Bali (Dutch Freighter, 1917) photographed circa 1917-1918, with Dutch neutrality markings on her bow.
Career (USA)
Name: USS Bali
Namesake: One of the Sunda Islands, a subgroup of the Malay Archipelago now a part of Indonesia and formerly a part of the Netherlands East Indies
Owner: Stoomvaart Mattschappij Nederland
Port of registry: Netherlands
Builder: Rotterdam Droogd. Maat. at Rotterdam
Laid down: date unknown
Launched: in 1917
Acquired: 21 March 1918
Commissioned: as USS Bali (ID-2483) on 27 March 1918
Decommissioned: 30 May 1919
Struck: 30 May 1919
Captured: seized by customs officials at New York City under Proclamation 1436 of 20 March 1918 (40 Stat. 1761)
Fate: returned to her owner 30 May 1919; subsequently scrapped after being bombed by the Luftwaffe during World War II
General characteristics
Type: Freighter
Tonnage: 6694 gross tons
Displacement: 17,300 tons
Length: 420' 6"
Beam: 54' 8"
Draft: 29' 3"
Propulsion: Steam engine, single screw
Speed: 12 knots
Complement: 77 officers and enlisted
Armament: 5-inch gun and a 6-pounder
Notes: Also known as SS Bali (Dutch registry) and SS Max Wolf (Greek registry)

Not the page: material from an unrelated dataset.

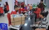 Petugas ekspedisi melayani pengiriman paket pelanggan di salah satu Kantor Cabang ekspedisi di Palembang, Rabu (30/1). Perusahaan ekspedisi di Palembang mengaku kenaikan harga kargo pesawat sangat berdampak pada kenaikan tarif pengiriman paket (FOTO : Feny Selly/Antara)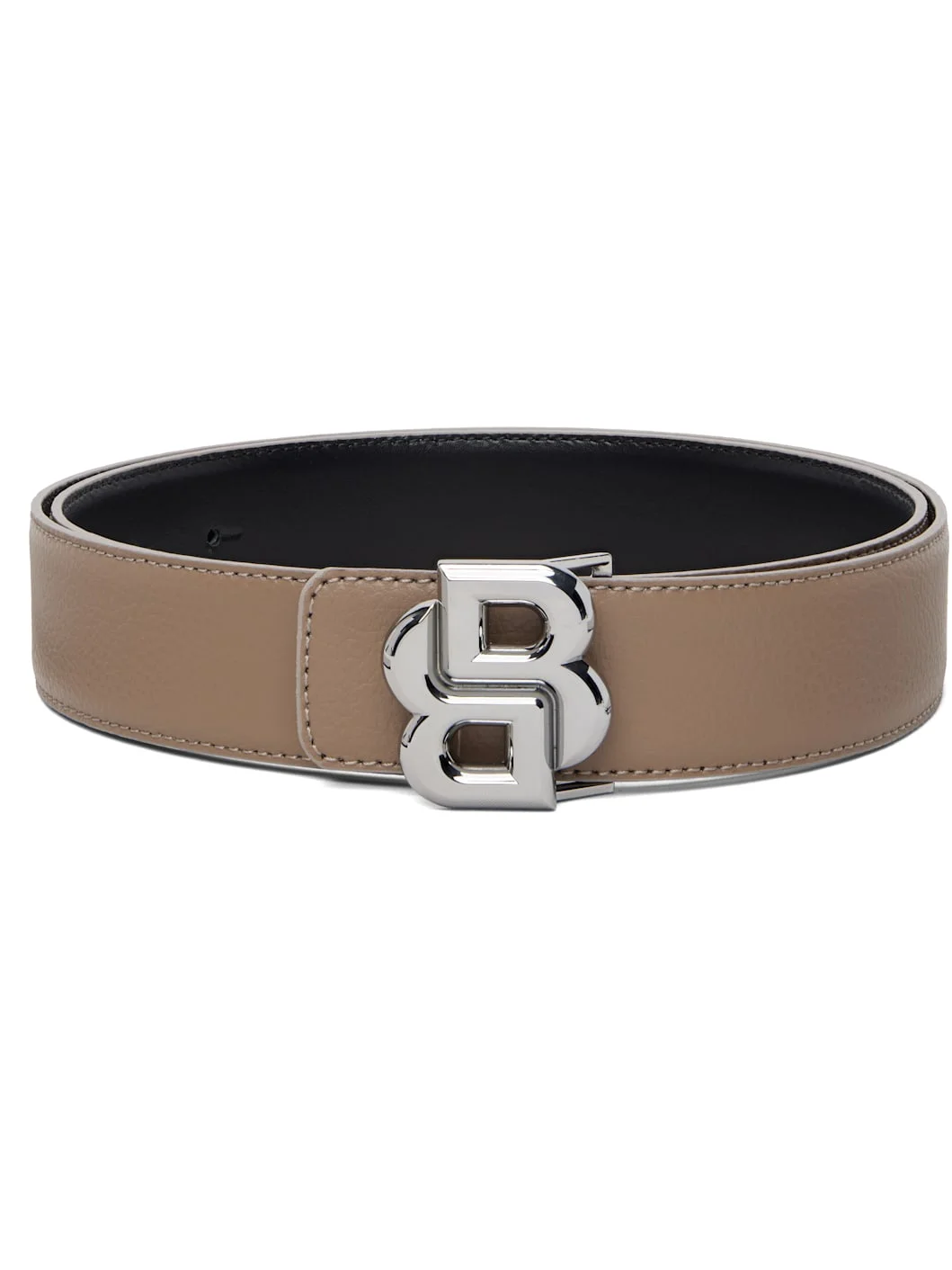Reversible grained leather belt. Reverse in black polished leather. · Logo-engraved post-stud buckle · Keeper loop with enameled plaque at front · Silver-tone hardware · W1.25" Supplier color: Medium Beige Leather. Made in Italy 261085M131001

USS Bali (ID 2483) was a large Dutch freighter seized in New York City by the U.S. Customs Service during World War I. She was assigned to the U.S. Navy and later the U.S. Army as a cargo ship to be used to carry military cargo to Allied forces in France. After a number of transatlantic voyages, she was returned to the Dutch government at war’s end. She subsequently remained busy transporting cargo until World War II, when she was wrecked by Luftwaffe bombers in the Mediterranean. Her remains were reclaimed and disposed of by scrapping in 1951.